Anytime bottom-up rule learning for large-scale knowledge graph completion

Knowledge graph completion is the task of predicting correct facts that can be expressed by the vocabulary of a given knowledge graph, which are not explicitly stated in that graph. Broadly, there are two main approaches for solving the knowledge graph completion problem. Sub-symbolic approaches embed the nodes and/or edges of a given graph into a low-dimensional vector space and use a scoring function to determine the plausibility of a given fact. Symbolic approaches learn a model that remains within the primary representation of the given knowledge graph. Rule-based approaches are well-known examples. One such approach is AnyBURL. It works by sampling random paths, which are generalized into Horn rules. Previously published results show that the prediction quality of AnyBURL is close to current state of the art with the additional benefit of offering an explanation for a predicted fact. In this paper, we propose several improvements and extensions of AnyBURL. In particular, we focus on AnyBURL's capability to be successfully applied to large and very large datasets.
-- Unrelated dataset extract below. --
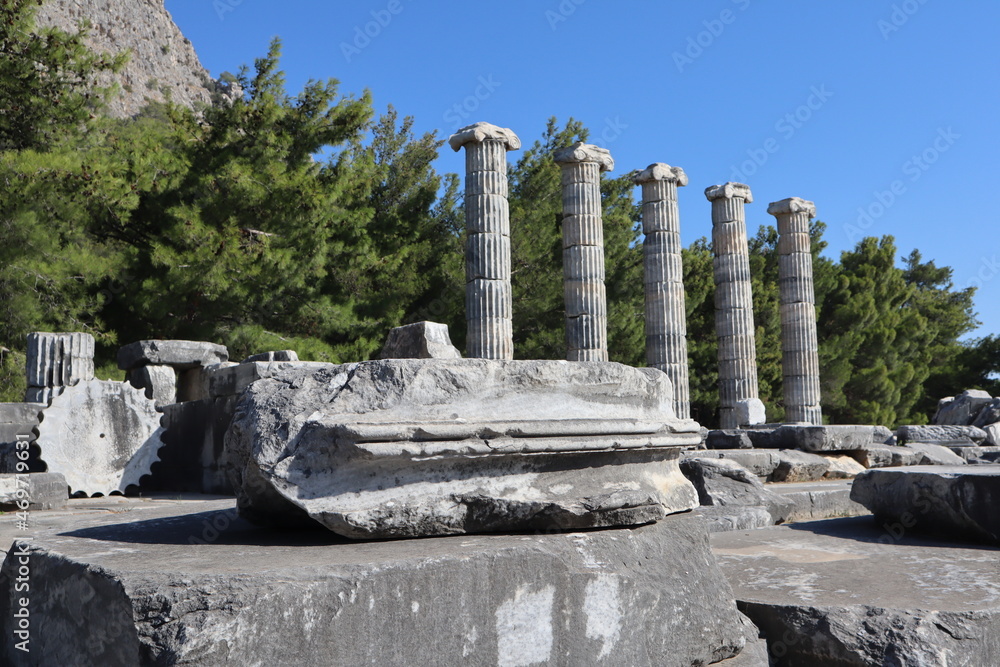 view to the ruins of ancient temple of Athena in archaeological site Priene, Turkey with marble column fragments on the foreground
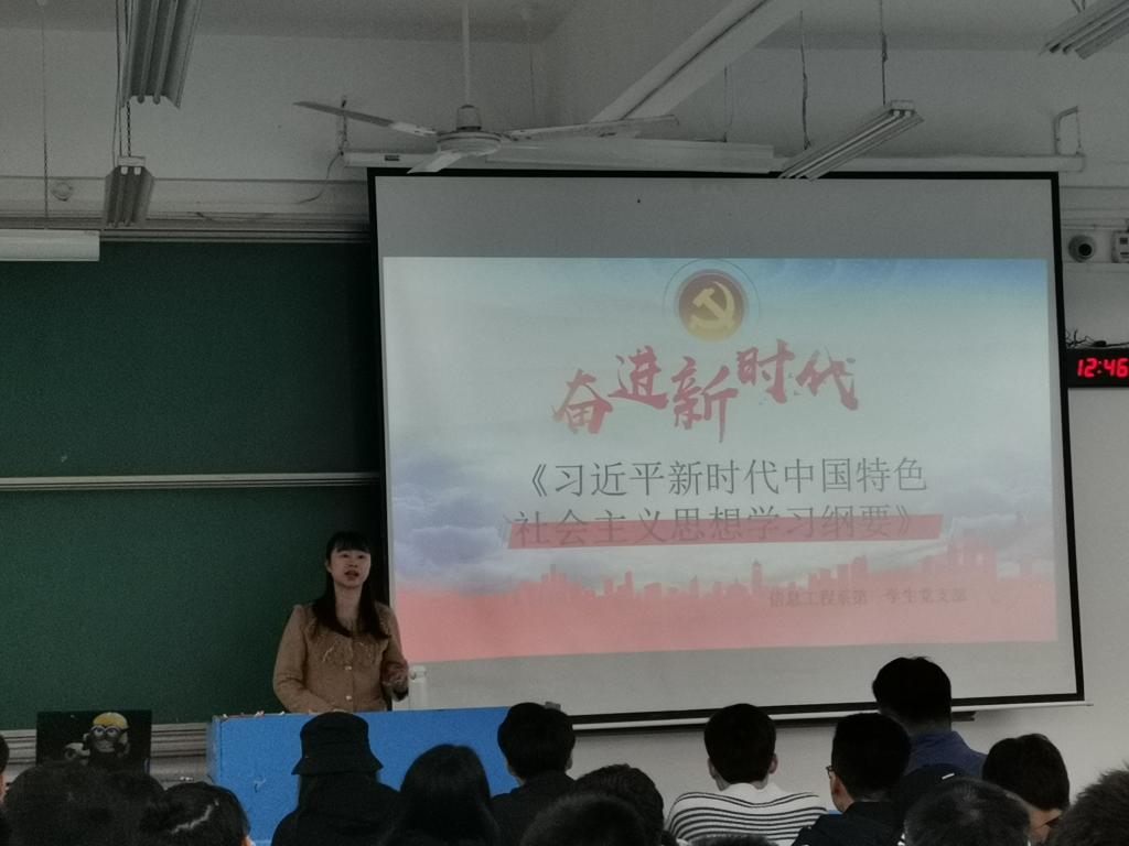 为把学习贯彻习近平新时代中国特色社会主义思想进一步引向深入,4月13日,信息工程系于31102组织全体党员学习《习近平新时代中国特色社会主义思想学习纲要》。本次会议由信息工程系第一学生党支部书记廖星男主持,信息工程系第一、第二、第三党支部全体同志参加。

Overall, we propose four separate extensions: (i) We add to each rule a set of pairwise inequality constraints which enforces that different variables cannot be grounded by the same entities, which results into more appropriate confidence estimations. (ii) We introduce reinforcement learning to guide path sampling in order to use available computational resources more efficiently. (iii) We propose an efficient sampling strategy to approximate the confidence of a rule instead of computing its exact value. (iv) We develop a new multithreaded AnyBURL, which incorporates all previously mentioned modifications. In an experimental study, we show that our approach outperforms both symbolic and sub-symbolic approaches in large-scale knowledge graph completion. It has a higher prediction quality and requires significantly less time and computational resources.